▶ Your goal
Exactly as written, set down the lines from the top of the entries through the line bearing "We were beginning", with every picture left out.

▶ Records supplied
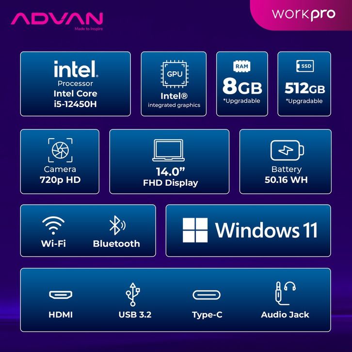 Murah Advan WorkPro Laptop intel Core i5-12450H ram 8GB/16GB ssd 512GB 14" IPS Windows 11 Elegan
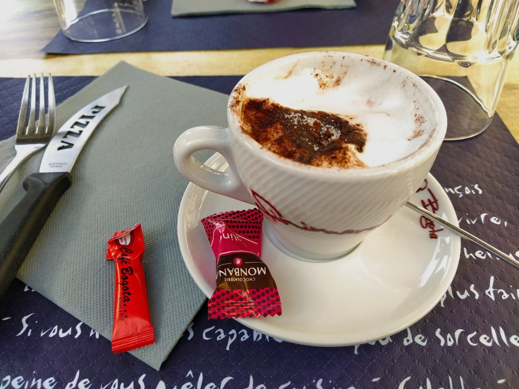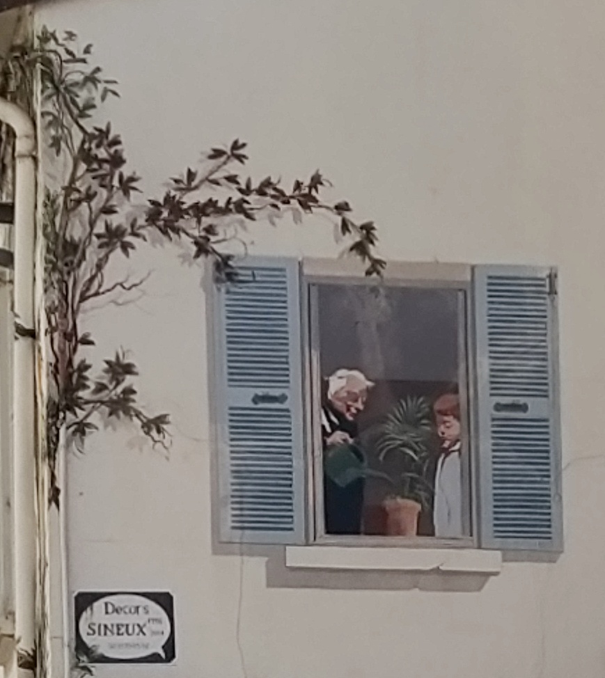 We were beginning to notice how warm the day had turned while we’d been indoors and were glad to find some shade inside the doorway to the closed musee du Papier. I’d forgotten it shut for lunch!
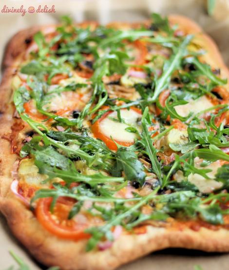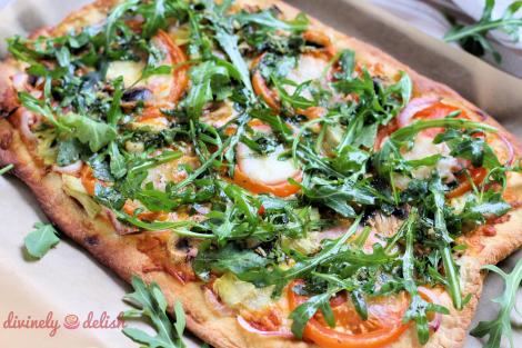 ARTICHOKE AND ARUGULA PIZZA WITH CHIMICHURRI (Makes 1 – 12″ pizza)
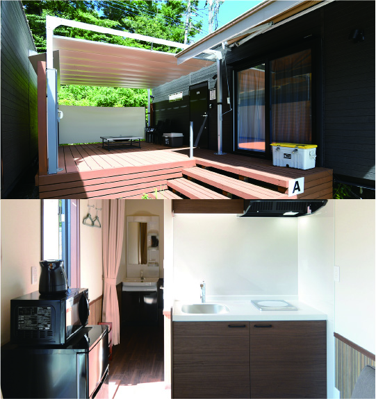 ミニキッチン、エアコン、冷蔵庫、電子レンジ、炊飯器(5合炊き)、トースター、ケトル、テレビ、バスタブ付き浴室、洗面台、温水洗浄トイレ、ソファ、加湿機能付き空気清浄機、踏み台、wi-fi、BBQテーブルセット、オーニングテント
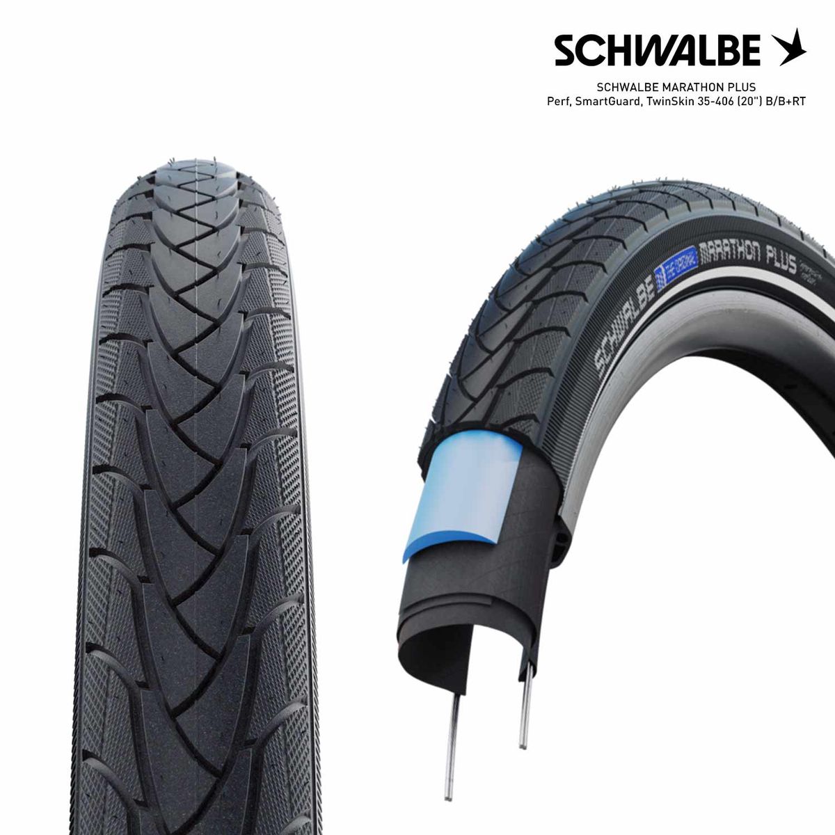 SCHWALBE MARATHON PLUS Perf, SmartGuard, TwinSkin 35-406 (20") B/B+RT

▶ Answer below
 Murah Advan WorkPro Laptop intel Core i5-12450H ram 8GB/16GB ssd 512GB 14" IPS Windows 11 Elegan
 We were beginning to notice how warm the day had turned while we’d been indoors and were glad to find some shade inside the doorway to the closed musee du Papier. I’d forgotten it shut for lunch!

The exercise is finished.